Good platform for Data engineers.
Use Cases and Deployment Scope
I use Databricks every day. We use multiple environments, such as dev, stage, and prod. Our primary use case is to get data from SnapLogic into the Bronze layer of Databricks. So, it handles both full and incremental loads as per the use case. Our workflows also support versioning across releases. This is really good for minimizing prod risks. We also perform many transformations on silver tables for end-use data products in the gold layer.
Pros
- First, it handles large amounts of data. We run daily and weekly jobs that process a lot of records. Databricks manages it very well, with no issues, if the cluster is set up properly.
- Second, it really works well for incremental updates. We load only new or changed data, which makes it easy to update existing tables without duplicating records.
- Third, job scheduling is useful. We can schedule the jobs easily and monitor them. The best part is that we can retry or repair the failed runs.
- The last one is about the notebook interface that I really love. It makes development and debugging easy. We can test logic step by step, validate data, and fix all our issues.
Cons
- Sometimes, when multiple jobs depend on each other in different environments, it is not always easy to see the full workflow in one place.

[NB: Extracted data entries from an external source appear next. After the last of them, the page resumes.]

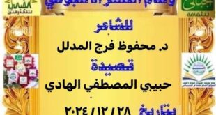 أكمل القراءة »** فاز بوسام الشعر : الشاعر د. محفوظ فرج المدلل وذلك عن قصيدته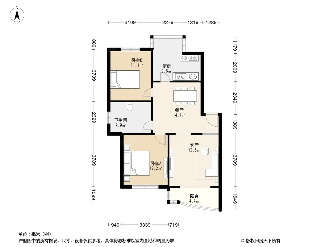 户型齐全,主打户型方正,明厨,明卫,客厅朝南,全明格局,双卧朝南,主卧朝南三居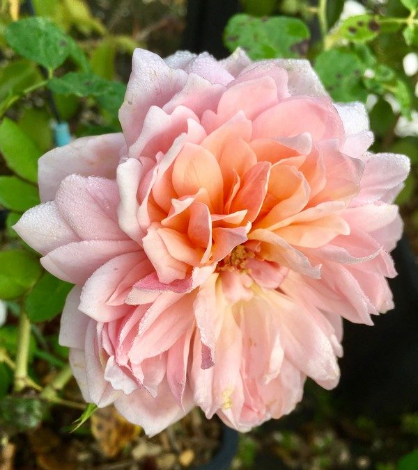 Bassa ed espansa, con portamento “a fontana”, ha foglie verde chiaro e fiori a coppa di un rosa pastello più scuro verso il centro, con i petali disposti in rosette simmetriche e un abbozzo di occhio centrale.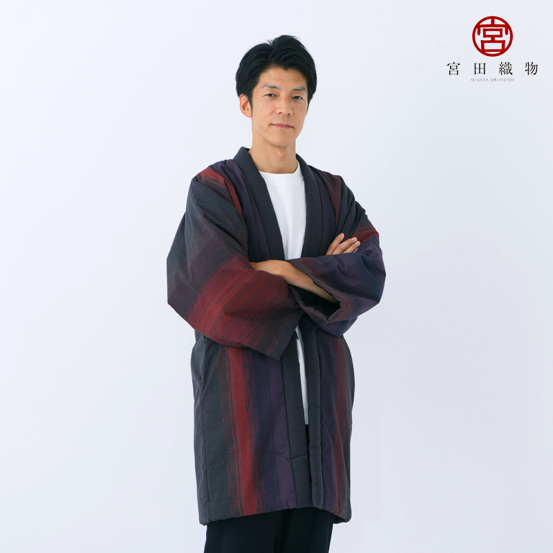 黒をベースとした生地に赤や紫へのグラデーションの織柄が印象的なわた入れ半纏です。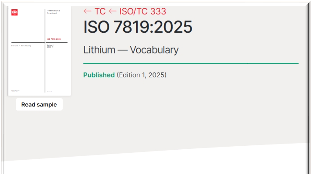 Aporte a la interconectividad de la industria del litio global: Publicación oficial de la "Terminología del litio", norma internacional ISO 7819:2025 cuya redacción fue encabezada por Tianqi Lithium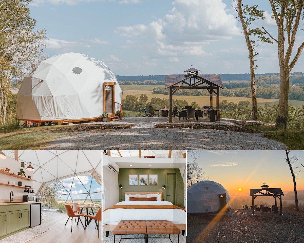 An elevated camping “glamping” experience. This brand-new one of a kind geodesic dome is located on a private road that leads you to an overlook featuring one of the most beautiful countryside views in Kentucky. While this getaway experience is nestled deep in the woods, it is also a close drive to all the conveniences you can imagine. This is an off the grid outdoor experience with a ½ mile gravel road including a steep hill. AWD or 4WD advised.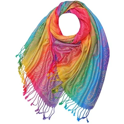 GlamLondon Rainbow Multi colour Pashmina Colourful Paisley/roses/Patches/Peacock Feather Soft Shawl (Rainbow Paisley STYL3)

- It is sometimes difficult to determine which job or cluster contributes more to the overall cost.
- For beginners, cluster configuration may be a little difficult. So more recommendation in the platform can help.
Likelihood to Recommend
Table merges: When we have to update existing tables with new records, Databricks makes it very simple and also reliable. The notebook environment helps multiple team members work together, test logic, and debug issues very quickly. It also works well when we need separate environments for dev and prod. Jobs can be tested safely in dev before moving to prod.